(Data extracted from a collection)
-- -- --
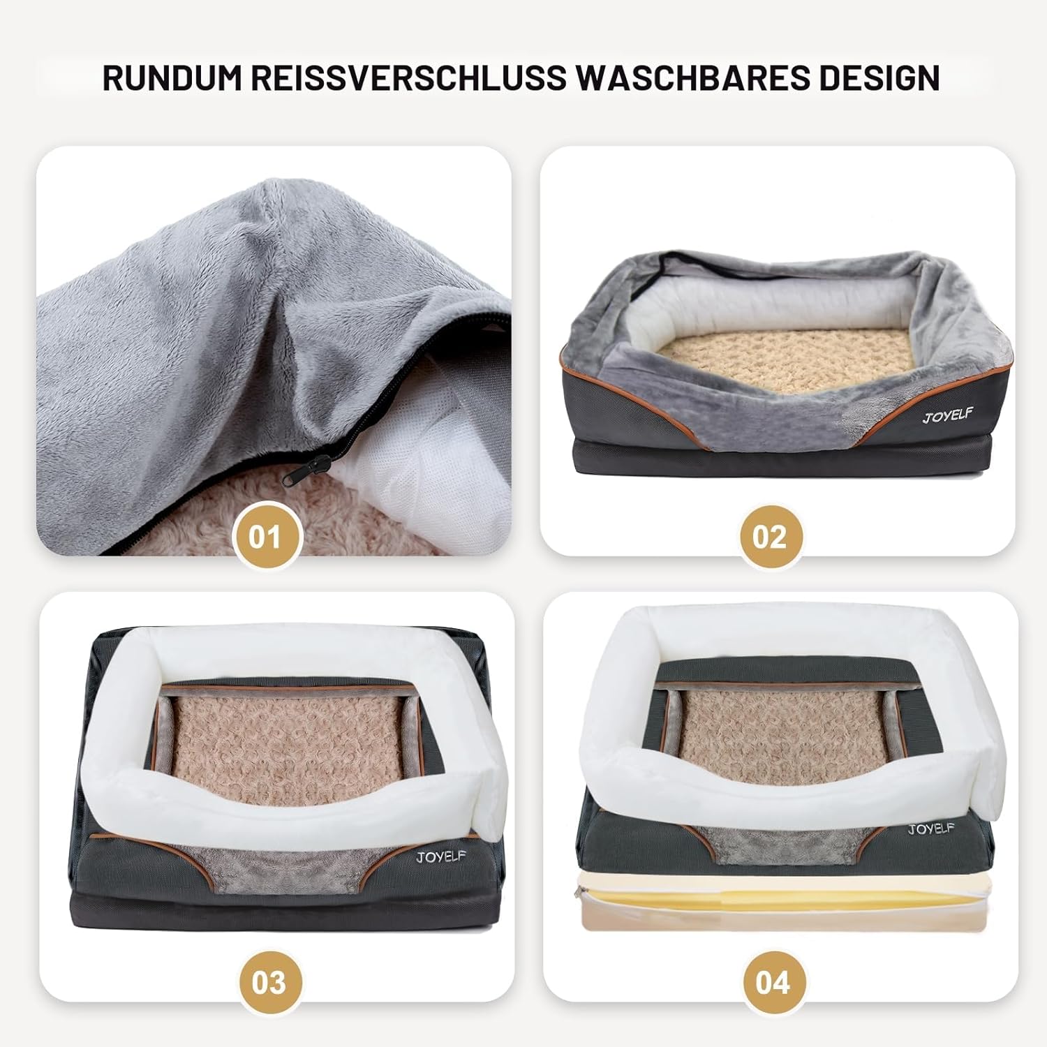 Ортопедично легло и диван за кучета JOYELF от мемори пяна със сваляем калъф, който може да се пере, и скърцаща играчка като подарък
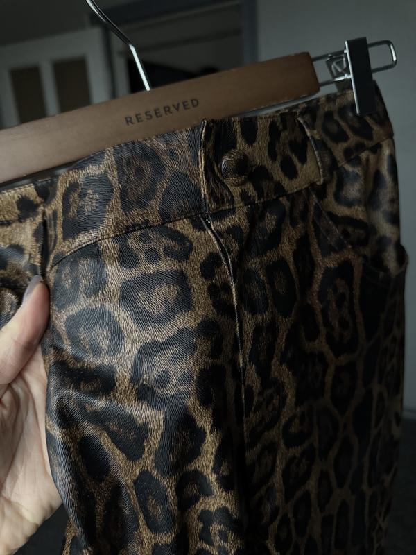 Леопардові штани українського бренду Стан ідеальний, без дефектів прямі брюки леопардові з еко шкіри низ йде необроблений посадка висока
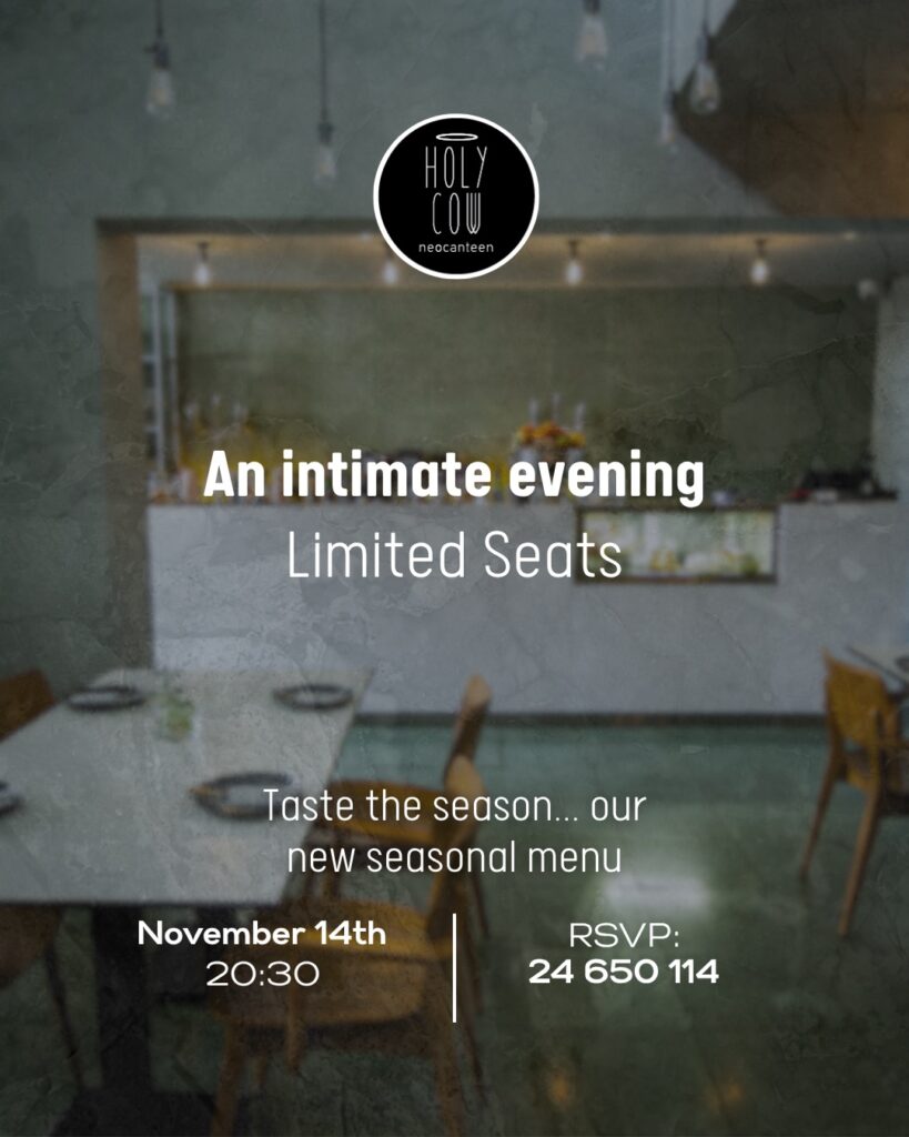 Αυτή την Παρασκευή, 14 Νοεμβρίου, το Holy Cow Neocanteen σας προσκαλεί σε μια ξεχωριστή βραδιά γευσιγνωσίας, όπου θα παρουσιαστούν τα ολοκαίνουργια εποχιακά πιάτα του εστιατορίου — την ίδια μέρα που λανσάρονται!
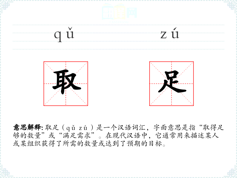 取足(qǔ zú)是一个汉语词汇,字面意思是指“取得足够的数量”或“满足需求”。在现代汉语中,它通常用来描述某人或某组织获得了所需的数量或达到了预期的目标。
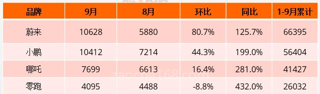 十一國(guó)慶佳節(jié)的第一天,哪吒、小鵬、零跑、蔚來(lái)造車新勢(shì)力第一梯隊(duì)率先發(fā)布9月份交付量。
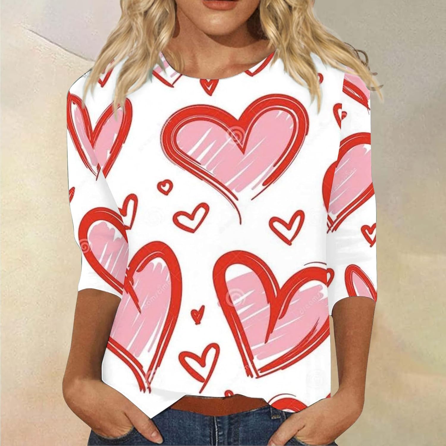 Valentine’s Day Shirts for Women 2025 Trendy Love Heart Graphic Cotton Crewneck Tees 3/4 Sleeve Casual Blouses
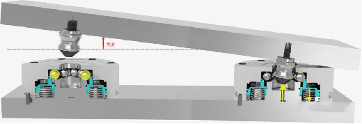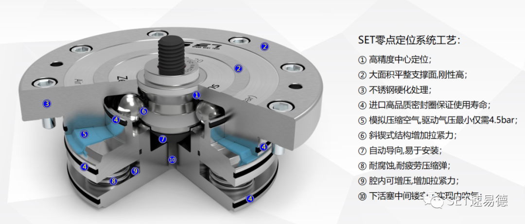 Ein weiteres Merkmal des Nullpunktsystems ist die doppelte Funktion: Positionierung und Klemmung werden gleichzeitig mit einer Genauigkeit von weniger als 5 μs durchgeführt. Der kurze konische Positionierungsstift macht die Kontaktoberfläche vollständig geschlossen und hat die Funktion des Selbstversperrens. Die Positionierungsklemme ermöglicht eine bestimmte radiale Abweichung und Winkelabweichung, die bestimmte Vorteile für die automatische oder manuelle Belastung und Entladung hat.
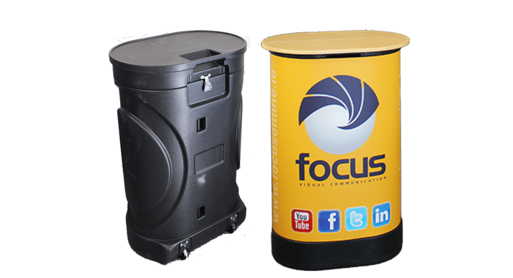 Our Smart Podium Upgrade allows you to easily upgrade your roll-case to a handy podium by adding wooden desktop & wraparound graphic panel.
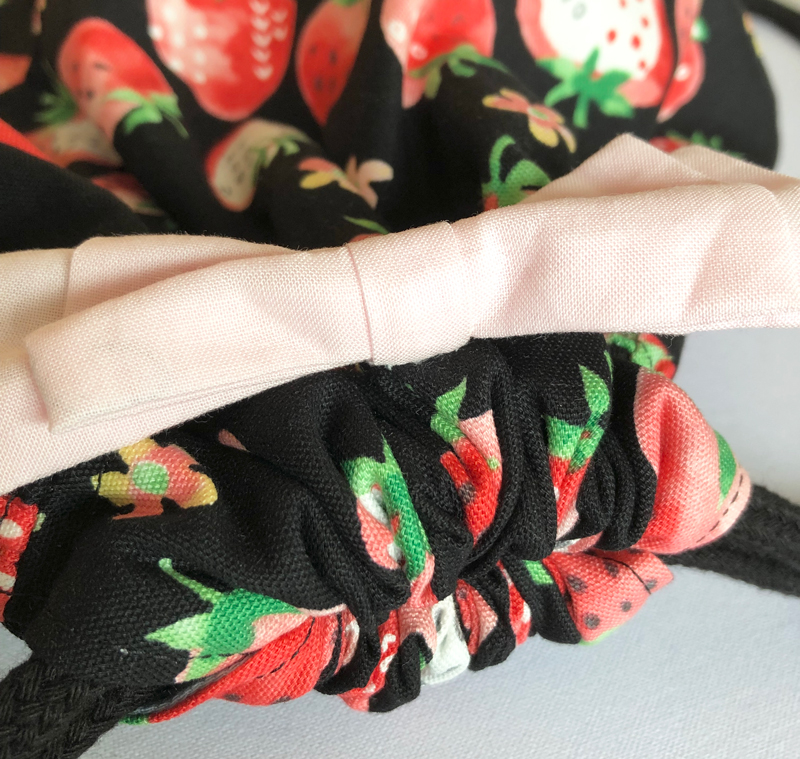 When you tighten the straps, this drawstring backpack creates a lovely shape like a frilled skirt. I paid attention to have a balanced look in both width and length. Imagining the finished look, entertaining different color combinations for the ribbon and strap was fun.
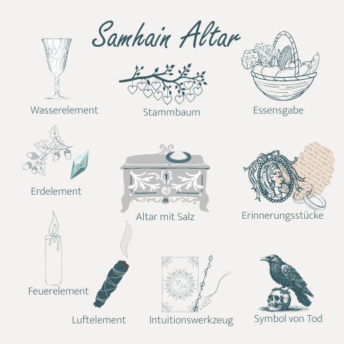 Gestalte einen kleinen Altar mit Fotos, Symbolen oder Gegenständen deiner Vorfahren und der Elemente. Stelle eine Kerze für jede Generation oder für besondere Ahnen auf. Lege vielleicht ein Stück Brot, Obst oder ein Schluck Wein dazu – als Gaben der Dankbarkeit.
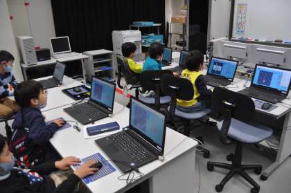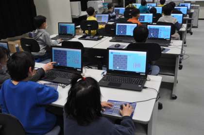 1年生は、プログラミング教育の一環として、パソコンソフトを使って、ロボットの操作をするゲームに挑戦しています。
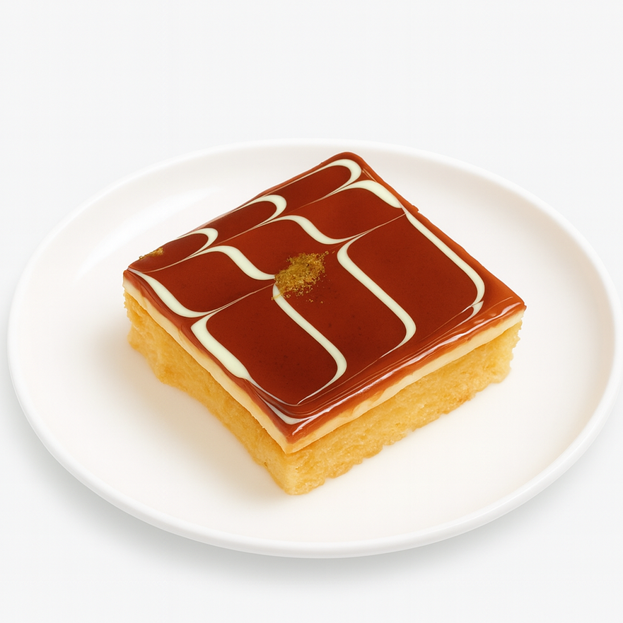 Soft sponge cake soaked in three milks, topped with rich caramel.
-- -- --
| EXERCISE PROMPT |
Please print the entries above exactly. Skip every picture.

| TASK SOLUTION |
 Ортопедично легло и диван за кучета JOYELF от мемори пяна със сваляем калъф, който може да се пере, и скърцаща играчка като подарък
 Леопардові штани українського бренду Стан ідеальний, без дефектів прямі брюки леопардові з еко шкіри низ йде необроблений посадка висока
 Αυτή την Παρασκευή, 14 Νοεμβρίου, το Holy Cow Neocanteen σας προσκαλεί σε μια ξεχωριστή βραδιά γευσιγνωσίας, όπου θα παρουσιαστούν τα ολοκαίνουργια εποχιακά πιάτα του εστιατορίου — την ίδια μέρα που λανσάρονται!
 取足(qǔ zú)是一个汉语词汇,字面意思是指“取得足够的数量”或“满足需求”。在现代汉语中,它通常用来描述某人或某组织获得了所需的数量或达到了预期的目标。
 十一國(guó)慶佳節(jié)的第一天,哪吒、小鵬、零跑、蔚來(lái)造車新勢(shì)力第一梯隊(duì)率先發(fā)布9月份交付量。
 Valentine’s Day Shirts for Women 2025 Trendy Love Heart Graphic Cotton Crewneck Tees 3/4 Sleeve Casual Blouses
 Ein weiteres Merkmal des Nullpunktsystems ist die doppelte Funktion: Positionierung und Klemmung werden gleichzeitig mit einer Genauigkeit von weniger als 5 μs durchgeführt. Der kurze konische Positionierungsstift macht die Kontaktoberfläche vollständig geschlossen und hat die Funktion des Selbstversperrens. Die Positionierungsklemme ermöglicht eine bestimmte radiale Abweichung und Winkelabweichung, die bestimmte Vorteile für die automatische oder manuelle Belastung und Entladung hat.
 Our Smart Podium Upgrade allows you to easily upgrade your roll-case to a handy podium by adding wooden desktop & wraparound graphic panel.
 When you tighten the straps, this drawstring backpack creates a lovely shape like a frilled skirt. I paid attention to have a balanced look in both width and length. Imagining the finished look, entertaining different color combinations for the ribbon and strap was fun.
 Gestalte einen kleinen Altar mit Fotos, Symbolen oder Gegenständen deiner Vorfahren und der Elemente. Stelle eine Kerze für jede Generation oder für besondere Ahnen auf. Lege vielleicht ein Stück Brot, Obst oder ein Schluck Wein dazu – als Gaben der Dankbarkeit.
 1年生は、プログラミング教育の一環として、パソコンソフトを使って、ロボットの操作をするゲームに挑戦しています。
 Soft sponge cake soaked in three milks, topped with rich caramel.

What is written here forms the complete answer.